--- WHAT IS EXPECTED ---
Look through the entries below for the string "svoje", and copy each line where it is found.

--- RECORDS PROVIDED ---

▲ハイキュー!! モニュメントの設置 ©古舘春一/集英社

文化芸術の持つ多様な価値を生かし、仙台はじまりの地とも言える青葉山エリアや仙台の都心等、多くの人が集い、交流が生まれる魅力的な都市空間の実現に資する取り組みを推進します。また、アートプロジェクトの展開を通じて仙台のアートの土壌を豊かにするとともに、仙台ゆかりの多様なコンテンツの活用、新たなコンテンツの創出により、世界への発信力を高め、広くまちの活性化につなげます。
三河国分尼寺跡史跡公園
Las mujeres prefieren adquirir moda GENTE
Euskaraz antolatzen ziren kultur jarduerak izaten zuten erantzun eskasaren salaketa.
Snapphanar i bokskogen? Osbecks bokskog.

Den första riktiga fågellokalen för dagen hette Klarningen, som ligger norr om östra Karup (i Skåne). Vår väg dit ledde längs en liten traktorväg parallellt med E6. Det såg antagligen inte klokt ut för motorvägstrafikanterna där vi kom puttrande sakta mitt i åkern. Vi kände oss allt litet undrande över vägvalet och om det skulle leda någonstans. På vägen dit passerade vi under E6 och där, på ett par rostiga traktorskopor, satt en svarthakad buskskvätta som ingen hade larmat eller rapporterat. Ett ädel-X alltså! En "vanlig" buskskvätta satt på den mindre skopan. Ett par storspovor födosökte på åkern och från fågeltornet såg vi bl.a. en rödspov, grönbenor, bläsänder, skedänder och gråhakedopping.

* * *

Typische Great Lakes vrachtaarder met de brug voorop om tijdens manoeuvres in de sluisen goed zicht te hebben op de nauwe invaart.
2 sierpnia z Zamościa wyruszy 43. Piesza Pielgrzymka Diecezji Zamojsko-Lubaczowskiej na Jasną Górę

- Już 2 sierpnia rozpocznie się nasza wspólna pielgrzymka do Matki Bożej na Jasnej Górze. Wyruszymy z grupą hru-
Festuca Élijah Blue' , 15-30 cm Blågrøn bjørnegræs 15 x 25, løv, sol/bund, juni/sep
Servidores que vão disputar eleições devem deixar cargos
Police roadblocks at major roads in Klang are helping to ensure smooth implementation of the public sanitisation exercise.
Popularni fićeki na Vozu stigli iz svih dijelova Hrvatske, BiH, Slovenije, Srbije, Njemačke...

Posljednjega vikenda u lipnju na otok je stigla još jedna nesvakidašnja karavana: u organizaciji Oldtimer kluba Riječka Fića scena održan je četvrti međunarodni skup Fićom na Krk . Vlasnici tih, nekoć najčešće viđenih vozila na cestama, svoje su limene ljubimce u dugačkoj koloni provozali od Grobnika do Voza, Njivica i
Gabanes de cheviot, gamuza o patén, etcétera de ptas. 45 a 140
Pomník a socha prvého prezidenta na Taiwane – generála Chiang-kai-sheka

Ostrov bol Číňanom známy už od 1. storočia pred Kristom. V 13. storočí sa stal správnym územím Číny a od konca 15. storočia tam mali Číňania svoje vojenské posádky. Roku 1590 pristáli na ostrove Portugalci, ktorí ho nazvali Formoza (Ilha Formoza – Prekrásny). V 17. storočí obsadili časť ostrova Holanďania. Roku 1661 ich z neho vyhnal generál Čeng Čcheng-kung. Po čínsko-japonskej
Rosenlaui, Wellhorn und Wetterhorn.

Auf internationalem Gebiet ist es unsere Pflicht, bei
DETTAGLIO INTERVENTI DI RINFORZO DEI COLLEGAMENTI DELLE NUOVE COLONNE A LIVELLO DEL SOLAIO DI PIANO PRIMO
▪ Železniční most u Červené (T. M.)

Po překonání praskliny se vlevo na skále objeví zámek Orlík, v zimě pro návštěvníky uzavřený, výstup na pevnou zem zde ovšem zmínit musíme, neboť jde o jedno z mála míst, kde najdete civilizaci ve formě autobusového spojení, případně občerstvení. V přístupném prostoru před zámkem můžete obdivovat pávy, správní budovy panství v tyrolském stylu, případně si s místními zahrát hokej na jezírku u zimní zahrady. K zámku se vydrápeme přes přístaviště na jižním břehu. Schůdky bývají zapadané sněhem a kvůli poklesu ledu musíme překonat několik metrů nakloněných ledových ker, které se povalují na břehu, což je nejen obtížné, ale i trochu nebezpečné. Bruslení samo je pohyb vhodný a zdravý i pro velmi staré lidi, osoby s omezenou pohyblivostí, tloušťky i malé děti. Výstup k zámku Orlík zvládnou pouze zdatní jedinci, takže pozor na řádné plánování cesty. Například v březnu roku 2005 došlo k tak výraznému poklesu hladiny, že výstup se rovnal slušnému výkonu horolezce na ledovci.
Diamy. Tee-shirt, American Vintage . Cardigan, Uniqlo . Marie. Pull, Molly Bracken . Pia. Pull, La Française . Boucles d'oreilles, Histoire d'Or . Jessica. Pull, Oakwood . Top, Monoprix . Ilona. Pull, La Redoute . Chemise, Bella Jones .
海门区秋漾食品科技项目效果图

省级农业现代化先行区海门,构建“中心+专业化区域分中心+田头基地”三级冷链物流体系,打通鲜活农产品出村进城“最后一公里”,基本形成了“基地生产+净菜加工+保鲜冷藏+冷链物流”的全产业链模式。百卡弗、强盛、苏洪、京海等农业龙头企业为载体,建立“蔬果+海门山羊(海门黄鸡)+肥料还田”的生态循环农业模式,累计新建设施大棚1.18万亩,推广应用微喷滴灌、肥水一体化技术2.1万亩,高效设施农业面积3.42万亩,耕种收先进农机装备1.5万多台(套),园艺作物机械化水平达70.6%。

--- REPLY ---
Posljednjega vikenda u lipnju na otok je stigla još jedna nesvakidašnja karavana: u organizaciji Oldtimer kluba Riječka Fića scena održan je četvrti međunarodni skup Fićom na Krk . Vlasnici tih, nekoć najčešće viđenih vozila na cestama, svoje su limene ljubimce u dugačkoj koloni provozali od Grobnika do Voza, Njivica i
Ostrov bol Číňanom známy už od 1. storočia pred Kristom. V 13. storočí sa stal správnym územím Číny a od konca 15. storočia tam mali Číňania svoje vojenské posádky. Roku 1590 pristáli na ostrove Portugalci, ktorí ho nazvali Formoza (Ilha Formoza – Prekrásny). V 17. storočí obsadili časť ostrova Holanďania. Roku 1661 ich z neho vyhnal generál Čeng Čcheng-kung. Po čínsko-japonskej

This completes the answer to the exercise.